#### RECORDS PROVIDED:
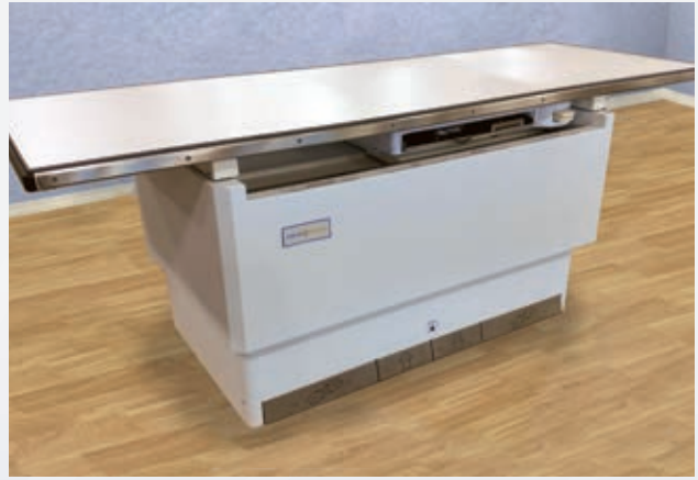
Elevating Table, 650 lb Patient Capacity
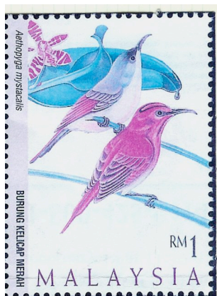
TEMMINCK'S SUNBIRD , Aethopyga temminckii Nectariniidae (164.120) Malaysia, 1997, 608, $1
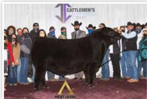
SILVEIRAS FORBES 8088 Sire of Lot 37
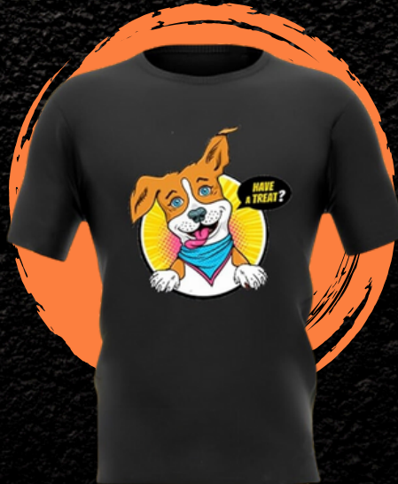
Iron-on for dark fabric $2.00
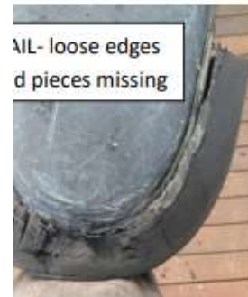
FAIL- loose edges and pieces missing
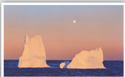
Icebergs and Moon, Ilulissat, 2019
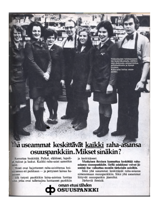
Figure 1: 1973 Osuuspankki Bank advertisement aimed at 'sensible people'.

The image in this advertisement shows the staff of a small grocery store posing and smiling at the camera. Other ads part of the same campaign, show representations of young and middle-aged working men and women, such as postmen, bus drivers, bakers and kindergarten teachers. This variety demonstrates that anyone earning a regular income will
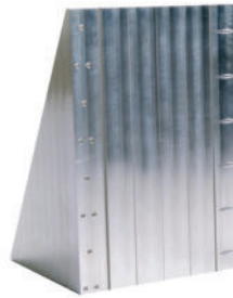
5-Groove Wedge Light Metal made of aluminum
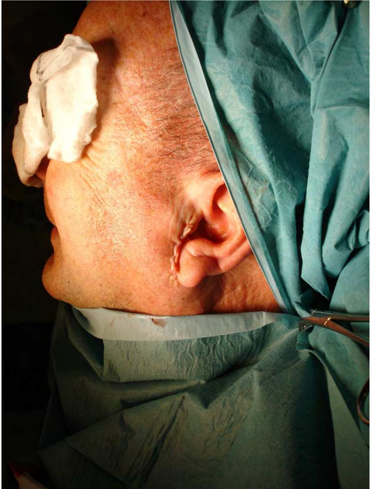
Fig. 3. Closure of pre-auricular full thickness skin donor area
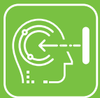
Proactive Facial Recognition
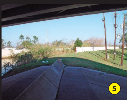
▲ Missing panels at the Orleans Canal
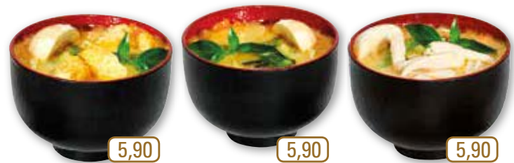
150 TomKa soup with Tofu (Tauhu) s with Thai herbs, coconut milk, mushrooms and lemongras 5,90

--

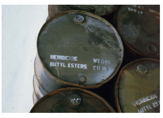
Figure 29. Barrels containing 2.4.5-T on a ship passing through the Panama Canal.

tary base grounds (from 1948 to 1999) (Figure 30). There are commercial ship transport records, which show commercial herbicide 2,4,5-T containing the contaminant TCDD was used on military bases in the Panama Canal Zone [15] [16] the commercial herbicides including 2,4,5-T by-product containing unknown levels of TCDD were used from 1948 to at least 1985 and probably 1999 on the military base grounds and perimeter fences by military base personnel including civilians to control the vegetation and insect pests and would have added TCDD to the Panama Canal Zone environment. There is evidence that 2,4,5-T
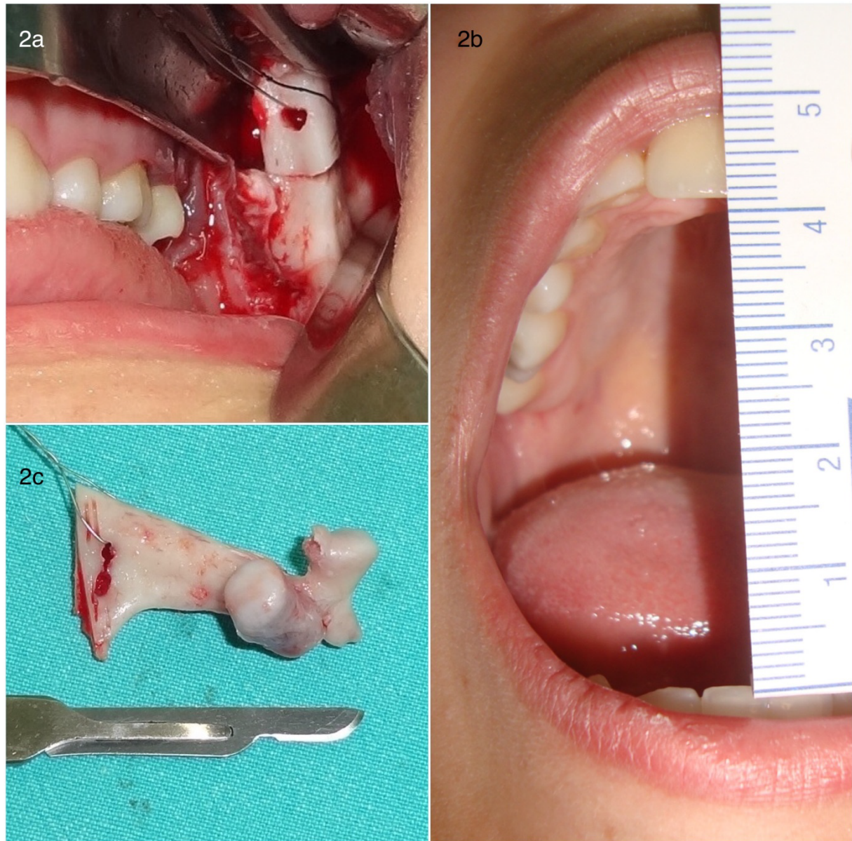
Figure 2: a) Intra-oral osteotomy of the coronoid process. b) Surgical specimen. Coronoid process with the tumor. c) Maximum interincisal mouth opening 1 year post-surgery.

#### WHAT THIS TASK INVOLVES:
Taking the records above, print only and exactly the lines from the line with "SILVEIRAS FORBES 8088 Sire of Lot 37" to the line with "150 TomKa soup", both kept, and exclude pictures.

#### TASK RESULT:
SILVEIRAS FORBES 8088 Sire of Lot 37
Iron-on for dark fabric $2.00
FAIL- loose edges and pieces missing
Icebergs and Moon, Ilulissat, 2019
Figure 1: 1973 Osuuspankki Bank advertisement aimed at 'sensible people'.

The image in this advertisement shows the staff of a small grocery store posing and smiling at the camera. Other ads part of the same campaign, show representations of young and middle-aged working men and women, such as postmen, bus drivers, bakers and kindergarten teachers. This variety demonstrates that anyone earning a regular income will
5-Groove Wedge Light Metal made of aluminum
Fig. 3. Closure of pre-auricular full thickness skin donor area
Proactive Facial Recognition
▲ Missing panels at the Orleans Canal
150 TomKa soup with Tofu (Tauhu) s with Thai herbs, coconut milk, mushrooms and lemongras 5,90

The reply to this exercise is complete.